__WORK ORDER__
Both ends included, restate word for word the lines from the first line of the listing through the line containing "Балаяж на темные длинные волосы, фото". Leave the pictures out.

__RECORDED DATA__
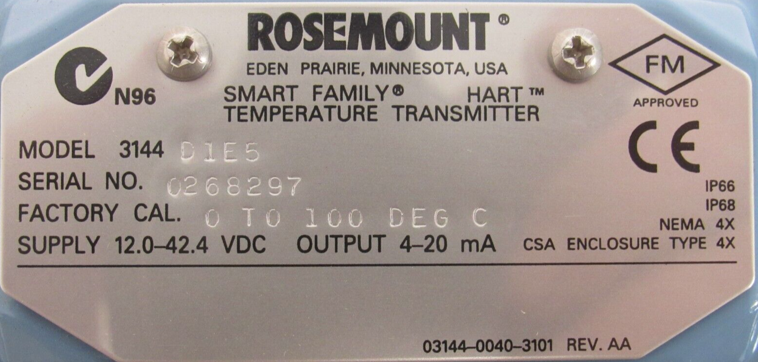 NEW ROSEMOUNT 3144D1E5 TEMPERATURE TRANSMITTER$500.00 Out of stock SKU: 354616687511 Category: Other Description Additional information Description NEW ROSEMOUNT 3144D1E5 TEMPERATURE TRANSMITTER B3/40 BB Additional information Weight 6.00 lbs Brand ROSEMOUNT MPN 3144D1E5 We Buy New and Used Surplus Inventory - Sell to Us
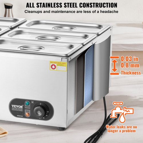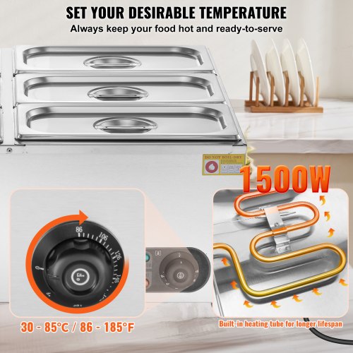 VEVOR Scaldavivande Commerciale 6 x 5,5 L (dimensione 1/3) Scaldavivande Elettrico da Tavolo a Vapore in Acciaio Inox da 1500 W Piastra Riscaldante Elettrica, Controllo della Temperatura da 30-85 °C
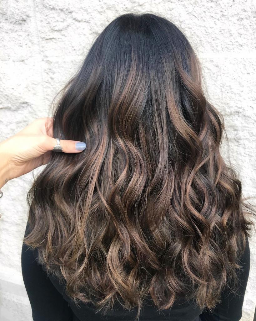 Балаяж на темные длинные волосы, фото
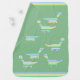 Green and blue stripy cartoon dinosaurs on cute green baby blanket.
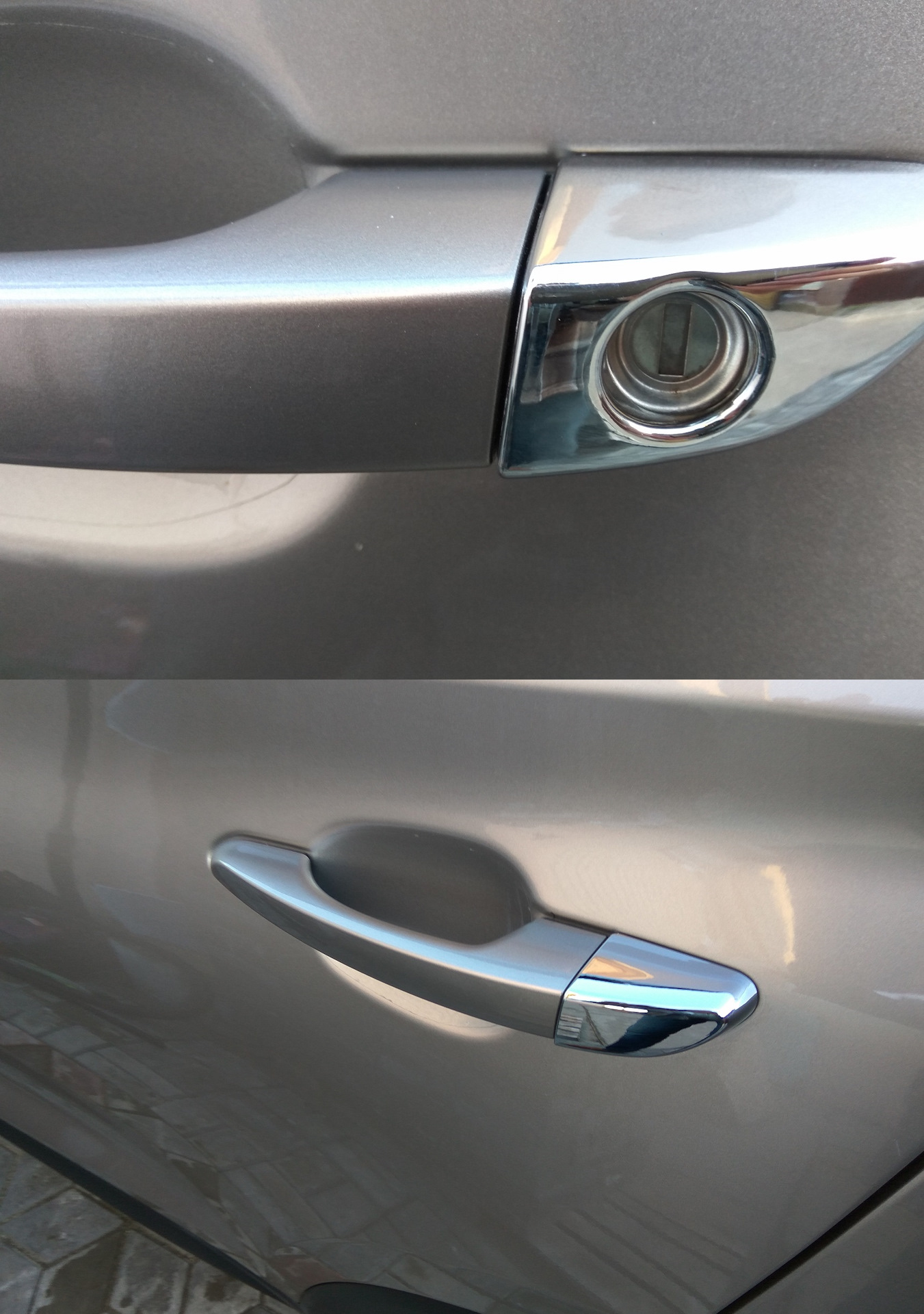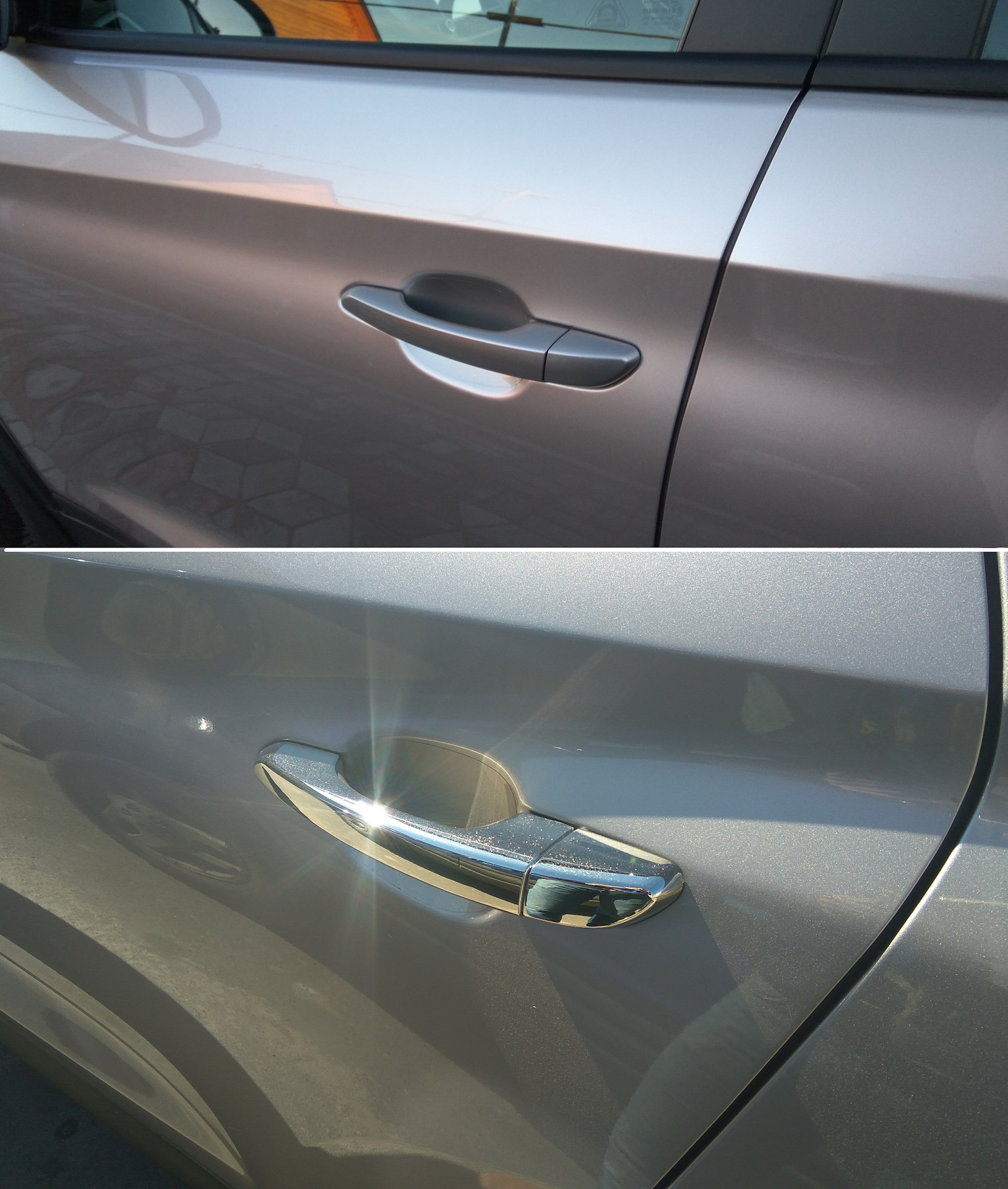 В Европе и Америке с завода ручки в топовых комплектациях идут хромированные, в России же в любой комплектации ручки идут обычные, в цвет кузова.
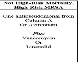 Mention two alternative antibacterial therapies that can be used for the treatment of hospital-acquired pneumonia in the presence of risk for MRSA and for high mortality risk. (No doses required)
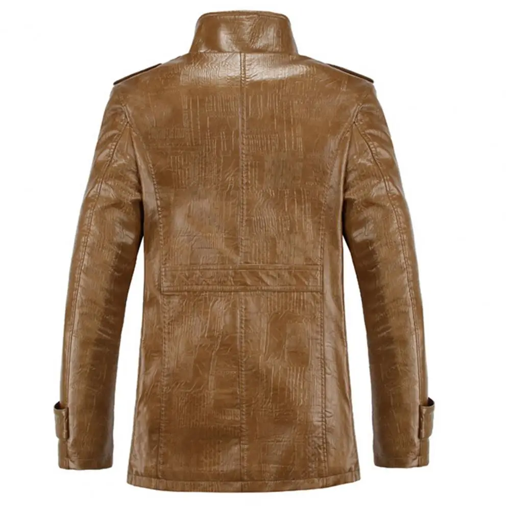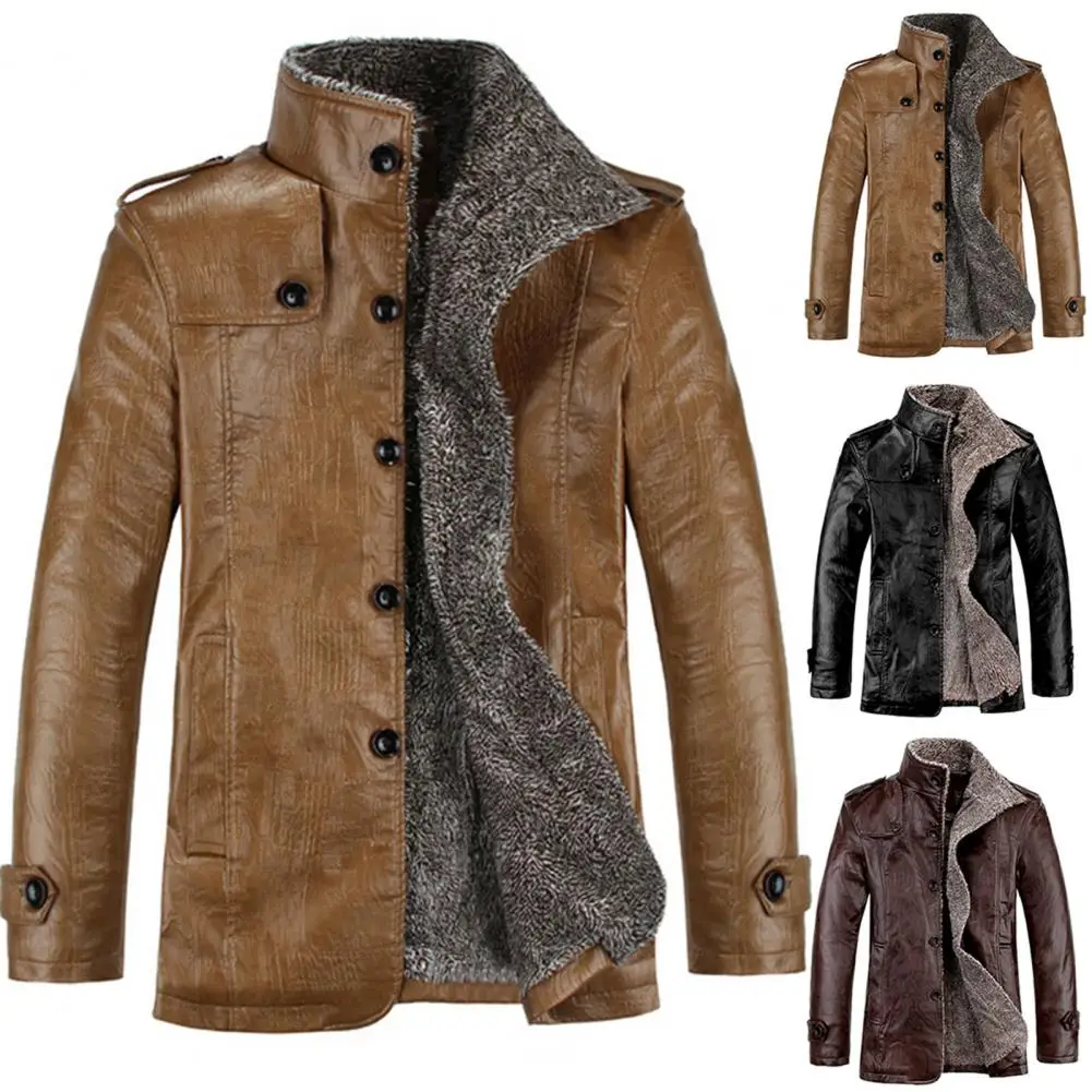 Мужская зимняя куртка с воротником-стойкой и искусственная кожа, на пуговицах, с карманами, флис размера плюс теплая куртка
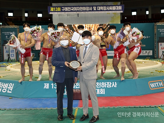 4±¸·Ê½Ç³»Ã¼À°°ü¿¡¼ ¿¸° 'Á¦13ȸ ±¸·ÊÀü±¹¿©ÀÚõÇÏÀå»ç ¹× ´ëÇÐÀå»ç¾¾¸§´ëȸ' ´ëÇб³ºÎ ´ÜüÀü¿¡¼ ¿ì½ÂÇÑ °æ³²´ëÇб³(°æ»ó³²µµ) ³ë¸í½Ä °¨µ¶(¿À¸¥ÂÊ)ÀÌ ±è»óÇö ±¸·Ê±º¾¾¸§Çùȸ ȸÀå(¿ÞÂÊ)°ú ¿ì¼öÁöµµÀÚ »óÆÐ¸¦ µé°í ±â³ä ÃÔ¿µÀ» Çϰí ÀÖ´Ù.
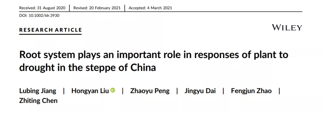 我院2016级生态学专业学生蒋璐冰同学拔尖计划研究成果“Root system plays an important role in responses of plant to drought in the steppe of China”以第一作者在《Land Degradation & Development》发表文章。
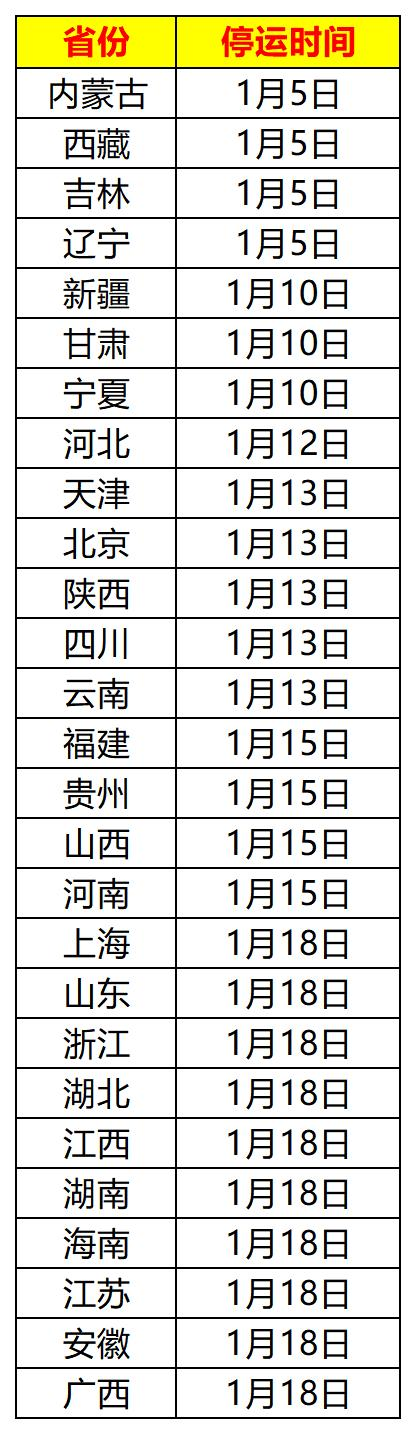 内蒙古、西藏、吉林、辽宁等地1月5日停运;新疆、甘肃、宁夏等地1月10日停运;河北1月12日停运;天津、北京、陕西、四川、云南等地1月13日停运;福建、贵州、山西、河南等地1月15日停运;上海、山东、浙江、湖北、江西、湖南、海南、江苏、安徽、广西等地1月18日停运。
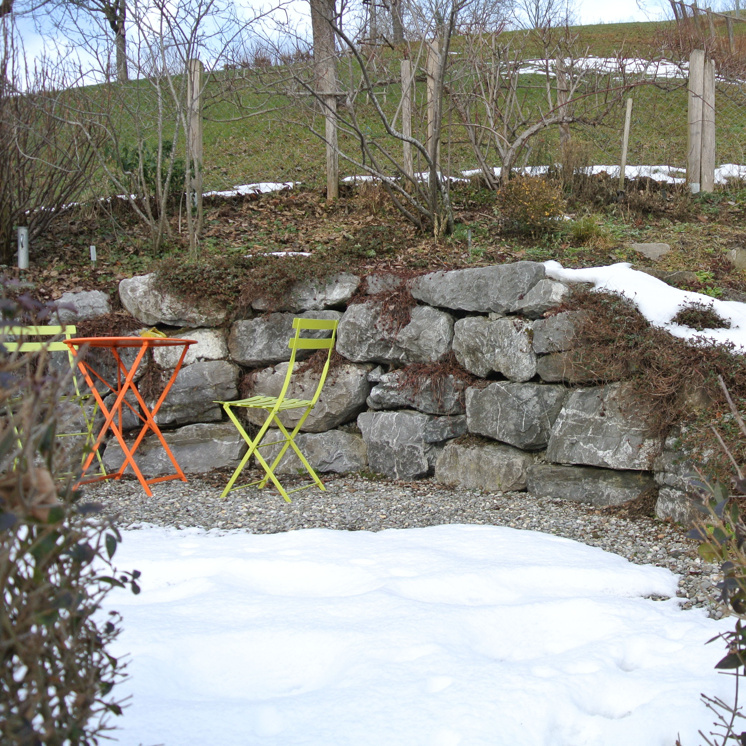 Auch die Vögel bringen im Winter Leben in den Garten. Sie finden in der naturnahen Hecke eigentlich genug Futter. Doch ich sehe sie gerne an der Futterstelle picken. Damit alle etwas davon haben, streue ich den Amseln, dem Dompfaff und den Rotkehlchen am Boden Weichfutter mit Beeren und getrockneten Mehlwürmern hin, während die Meisen und Spatzen sich in den Ästen an den Knödeln und den Körnern gütlich tun.
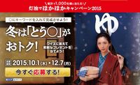 [ 2015/12/07 当日消印有効 ] 【石油連盟】灯油でほかほかキャンペーン2015Aコース:対流式石油ストーブ賞(4名様) Bコース:反射式石油ストーブ賞(15名様) Cコース:石油ファンヒーター賞(10名様) Dコース:グルメ賞(51名様) Wチャンス:QUOカード500円分(920名様) WEBでも応募可能 クイズ: 冬は「とう○」がおトク! 【応募ハガキダウンロード/PDF】 |

__EXPECTED OUTPUT__
 NEW ROSEMOUNT 3144D1E5 TEMPERATURE TRANSMITTER$500.00 Out of stock SKU: 354616687511 Category: Other Description Additional information Description NEW ROSEMOUNT 3144D1E5 TEMPERATURE TRANSMITTER B3/40 BB Additional information Weight 6.00 lbs Brand ROSEMOUNT MPN 3144D1E5 We Buy New and Used Surplus Inventory - Sell to Us
 VEVOR Scaldavivande Commerciale 6 x 5,5 L (dimensione 1/3) Scaldavivande Elettrico da Tavolo a Vapore in Acciaio Inox da 1500 W Piastra Riscaldante Elettrica, Controllo della Temperatura da 30-85 °C
 Балаяж на темные длинные волосы, фото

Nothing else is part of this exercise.